--- START ---
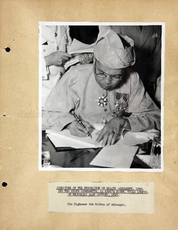 MALAYSIA. PHOTOGRAPHS TAKEN AT THE SIGNING OF THE FEDERATION OF MALAYA AGREEMENT AND THE STATE AGREEMENTS: PICTURE SHOWS HIS HIGHNESS THE SULTAN OF SELANGOR SIGNING THE FEDERATION OF MALAYA AGREEMENT AND THE STATE AGREEMENTS AT KING'S HOUSE, KUALA LUMPUR, WHICH IS THE OFFICIAL RESIDENCE OF THE BRITISH HIGH COMMISSIONER IN MALAYA
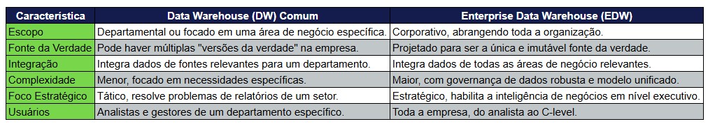 Em resumo, enquanto um DW resolve um problema tático, o EDW resolve um desafio estratégico fundamental: garantir que toda a organização tome decisões baseada em um conjunto de informações consistente, confiável e unificado.
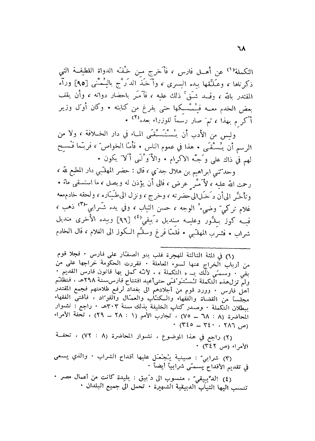 وحَدثني إِبْرَاهِيم بن هِلَال جدي قَالَ: حضر المهلبي دَار الْمُطِيع لله رحمت الله عَلَيْهِ لأمر عرض فَإلَى ان يُؤذن لَهُ ويصل مَا استسقى مَاء وَتَأَخر إِلَى ان دخل إِلَى حَضرته وَخرج وَنزل إِلَى طياره ولحقه خَادِم مَعَه غُلَام تركي وضيء الْوَجْه حسن الثِّيَاب وَفِي يَده شرابي ذهب فِيهِ كوز بلور وَعَلِيهِ منديل دبيقي وَبِيَدِهِ الْأُخْرَى منديل شراب فَشرب المهلبي فَلَمَّا فرغ وَسلم الْكوز إِلَى الْغُلَام قَالَ الْخَادِم
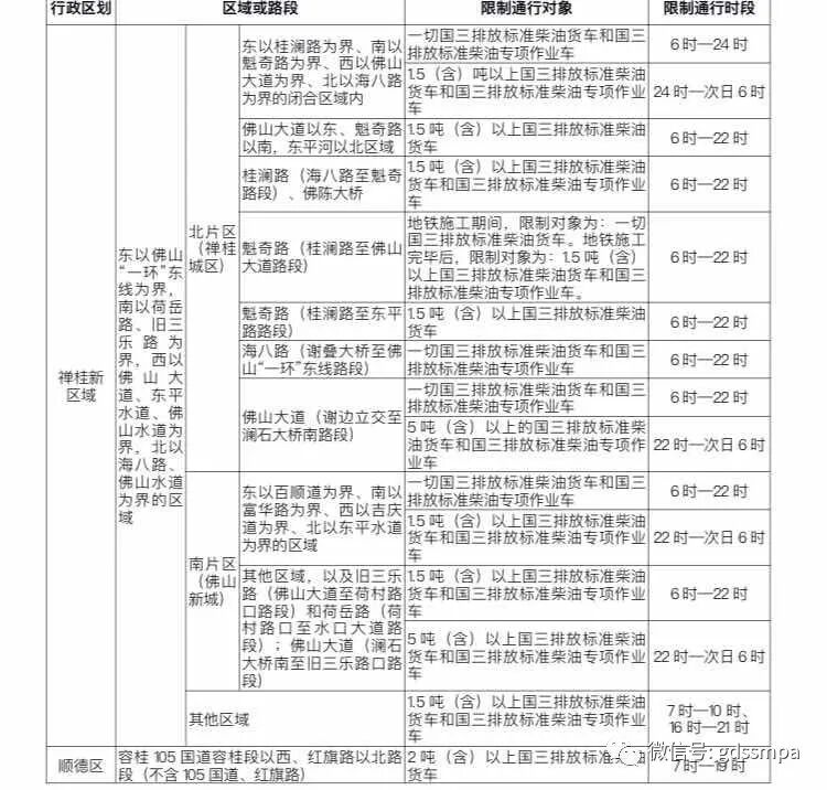 4月14日,《佛山市人民政府关于调整重点区域货车限制通行时间及实施国三排放标准柴油货车限制通行交通管理措施的通告》发布,根据通告,重点区域从7月1日起货车限制通行时段调整为6~24时,而国三排放标准柴油货车限制通行,通行范围、时段与中心城区货车限制通行范围、时段一致。
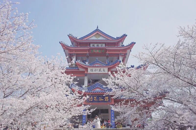 満開を迎えた鼋頭渚景勝地の桜(撮影・袁蒙)。
--- END ---
PROBLEM DESCRIPTION: With the images removed, give back every entry exactly as shown.

SOLUTION:
 MALAYSIA. PHOTOGRAPHS TAKEN AT THE SIGNING OF THE FEDERATION OF MALAYA AGREEMENT AND THE STATE AGREEMENTS: PICTURE SHOWS HIS HIGHNESS THE SULTAN OF SELANGOR SIGNING THE FEDERATION OF MALAYA AGREEMENT AND THE STATE AGREEMENTS AT KING'S HOUSE, KUALA LUMPUR, WHICH IS THE OFFICIAL RESIDENCE OF THE BRITISH HIGH COMMISSIONER IN MALAYA
 Em resumo, enquanto um DW resolve um problema tático, o EDW resolve um desafio estratégico fundamental: garantir que toda a organização tome decisões baseada em um conjunto de informações consistente, confiável e unificado.
 وحَدثني إِبْرَاهِيم بن هِلَال جدي قَالَ: حضر المهلبي دَار الْمُطِيع لله رحمت الله عَلَيْهِ لأمر عرض فَإلَى ان يُؤذن لَهُ ويصل مَا استسقى مَاء وَتَأَخر إِلَى ان دخل إِلَى حَضرته وَخرج وَنزل إِلَى طياره ولحقه خَادِم مَعَه غُلَام تركي وضيء الْوَجْه حسن الثِّيَاب وَفِي يَده شرابي ذهب فِيهِ كوز بلور وَعَلِيهِ منديل دبيقي وَبِيَدِهِ الْأُخْرَى منديل شراب فَشرب المهلبي فَلَمَّا فرغ وَسلم الْكوز إِلَى الْغُلَام قَالَ الْخَادِم
 4月14日,《佛山市人民政府关于调整重点区域货车限制通行时间及实施国三排放标准柴油货车限制通行交通管理措施的通告》发布,根据通告,重点区域从7月1日起货车限制通行时段调整为6~24时,而国三排放标准柴油货车限制通行,通行范围、时段与中心城区货车限制通行范围、时段一致。
 満開を迎えた鼋頭渚景勝地の桜(撮影・袁蒙)。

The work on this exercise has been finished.